Unlocking the secrets of the brain

6 August 2020

Queen's Birthday honours: Emeritus Professor Perry Bartlett

Contact magazine is celebrating the outstanding UQ scientists recognised during this year's Queen's Birthday honours. We begin with the Queensland Brain Institute Founding Director, Emeritus Professor Perry Bartlett.

“I’ve always believed the reason we could never solve the tsunami of neurological diseases and mental health issues was because we never really understood how the brain worked in the first place. And you can’t fix it if you don’t know how it works.”

These words from UQ’s Emeritus Professor Perry Bartlett perfectly capture his dedication to neuroscience. And it’s this belief and thirst for knowledge that led to the establishment of UQ’s Queensland Brain Institute (QBI) in 2003.

Seventeen years and many accolades later, the Founding Director of QBI has been nationally recognised for his scientific leadership with an appointment as an Officer of the Order of Australia (AO), announced as part of the Queen’s Birthday honours in early June.
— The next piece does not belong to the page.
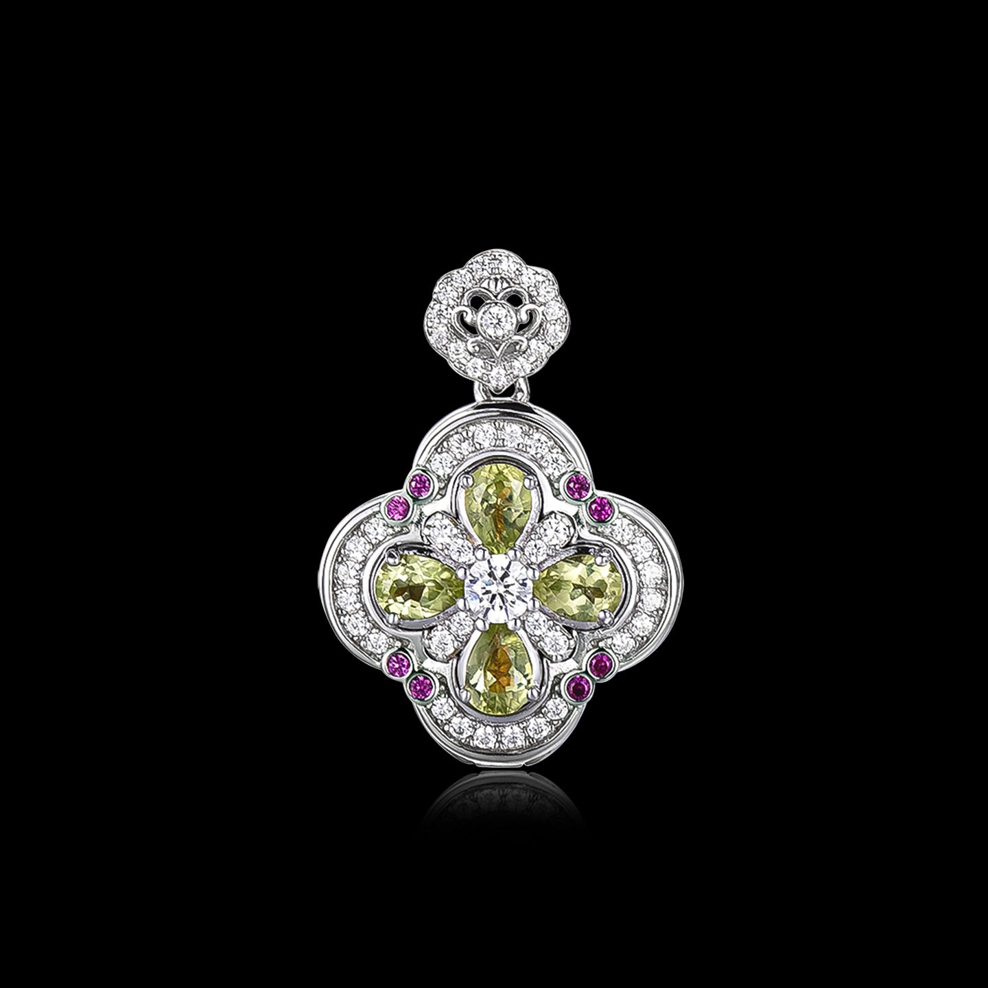 จี้ชิ้นนี้คือการผสมผสานอย่างสร้างสรรค์ระหว่างวัฒนธรรมความมั่งคั่งของชาวพุทธทิเบตและสัญลักษณ์สากลแห่งโชคลาภ จัมบาลาสีเหลือง หัวหน้าเทพแห่งความมั่งคั่งทั้งห้า ฝังรากลึกในตันตระ ปฏิญาณที่จะประทานความมั่งคั่งอุดมสมบูรณ์และความสำเร็จในหน้าที่การงานให้แก่ผู้ที่มีความซื่อสัตย์สุจริต กล่องกาวู (Gawu) สืบทอดประเพณีอันเคร่งขรึมของ "ศาลเจ้าพุทธเคลื่อนที่" ใบโคลเวอร์สี่แฉกเป็นสัญลักษณ์ของโชคลาภและความมีชีวิตชีวาในวัฒนธรรมต่างๆ การผสมผสานองค์ประกอบทั้งสามนี้ไม่เพียงแต่สะท้อนถึงปณิธานทางพุทธศาสนาที่ว่า "พรของพระพุทธเจ้า สำเร็จทุกประการ" เท่านั้น แต่ยังทำให้กาวูดั้งเดิมมีความหมายใหม่เกี่ยวกับความมั่งคั่งผ่านใบโคลเวอร์สี่แฉก ซึ่งสะท้อนถึงความครอบคลุมและนวัตกรรมของมรดกทางวัฒนธรรม พรอันล้นเหลือของเทพเจ้าแห่งความมั่งคั่ง ซึ่งแสดงออกในฐานะสัญลักษณ์อันเปี่ยมพลังและเป็นมงคล จะสถิตอยู่กับผู้สวมใส่เสมอ นำพาความมั่งคั่งทางโลกและความปรารถนาดีมาให้

Professor Bartlett said he was very proud to receive the honour, and delighted to see the work of the QBI celebrated on a national level.

QBI Founding Director Emeritus Professor Perry Bartlett.

“The AO acknowledges my contribution to establishing the Queensland Brain Institute, and the work I have done over the years in neuroscience – especially in terms of mentoring large numbers of young scientists, who now lead Australian neuroscience research,” Professor Bartlett said.

“But from a broader perspective, I’m happy that this recognition highlights how QBI is bringing forward changes, how we are better understanding the brain, and how we are developing new technologies and treatments for diseases that affect the brain.”

Professor Bartlett began his career as immunologist, but his fascination for the complexities of the human brain soon shifted his focus to neuroscience.

“Scientists have learnt a lot about the immune system, but I always thought the really big questions remained in the brain: understanding brain function, self-awareness and consciousness. All these things seemed like far bigger questions,” he said.

Since establishing QBI almost two decades ago, Professor Bartlett helped grow the Institute from a small group of 10 scientists into one of the world’s leading neuroscience institutes. It is now home to more than 450 researchers conducting fundamental discovery research and progressing treatments for neurological disorders.

His own scientific discoveries transformed our understanding of the brain, including a seminal finding that stem cells are present in the adult brain, and the discovery of a key molecule involved in motor neurone function and repair.

QBI Director Professor Pankaj Sah said Professor Bartlett’s contributions to the Australian and international neuroscience research landscape made him a very deserving recipient of the Order of Australia.

“Professor Bartlett is a visionary leader whose contributions to neuroscience research and capability cannot be understated,” Professor Sah said.

“His discovery that the brain could make new cells throughout our life shifted our perception of the brain from a static organ to one with the ability to change and regenerate even into adulthood.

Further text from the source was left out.